Mencap and Unison have written a joint letter to the UK Prime Minister Boris Johnson, urging the government to rethink payments made to care home workers on sleep shifts.
The charity and union are responding to a Supreme Court judgement made last month (March), which ruled that sleep-shift workers (primarily care home workers), are not entitled to national minimum wage rates while they are asleep – even though they have been called to be at a place of work and could be required to deal with any matters that arise during the night.
Although Mencap supported the initial Supreme Court verdict because of the potential huge costs that could have been forced in care homes in backdated pay, it said it was united with Unison over the principle of a “properly funded care sector".
The organisations claim “action is needed urgently” to change the rules around sleep-in shifts, and called on the government to ask the Low Pay Commission to investigate the issue to see if it can determine that the “entirety of these shifts” are considered to be ‘working time'.
The letter said: “Acute under funding lies at the heart of why social care is not fit for purpose. Central government must make more resources available to local authorities to allow much-needed reform. Improving the pay of care workers is the most sensible starting point.”
It added: “Each of us will have a friend or relative who relies on the exceptional support provided by social care staff. Or may well need help ourselves one day. This is your chance, prime minister, to show you value their remarkable work with fair pay.”
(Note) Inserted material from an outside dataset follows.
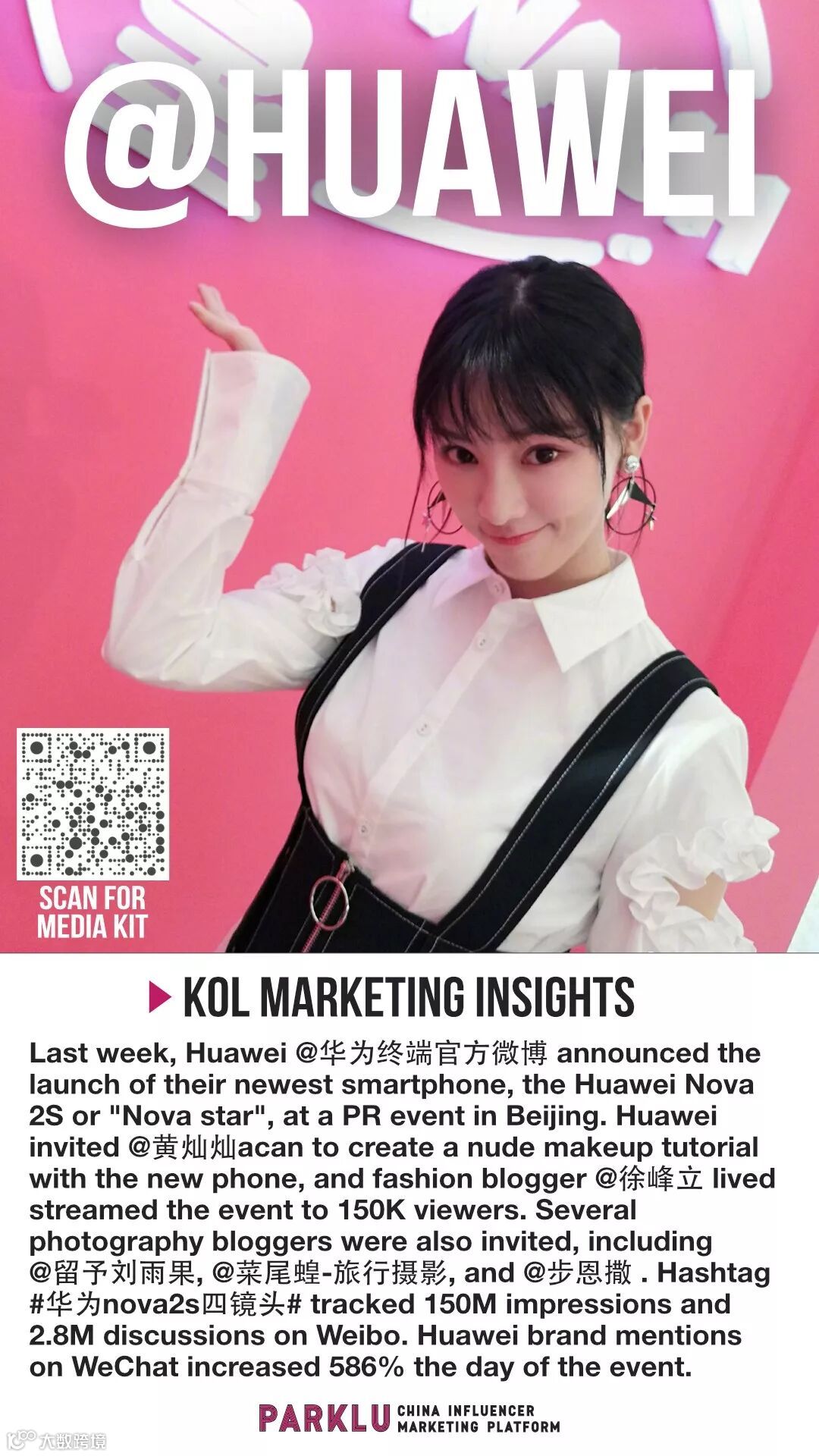 While they haven’t invested nearly as much in influencer marketing as OPPO and Meitu have, Huawei recently collaborated with a number of influencers and celebrities for the launch of their newest smartphone, the Huawei Nova 2S.

Mencap chief executive Edel Harris said: ‘Care workers are among the lowest paid in society, yet they do vital, highly-skilled work supporting our loved ones. They deserve better pay.”
She added: “Boris Johnson promised to fix social care – paying fairly for overnight support is the first step.”
In its ruling, the Supreme Court maintained that workers could only be paid for the time that they were awake, not the full overnight hours they were there. It claimed the Low Pay Commission had already made this point clear, and that the government is bound by law to accept the Low Pay Commission’s verdict.
The inference was that no change could happen until the Low Pay Commission changes its mind on the matter.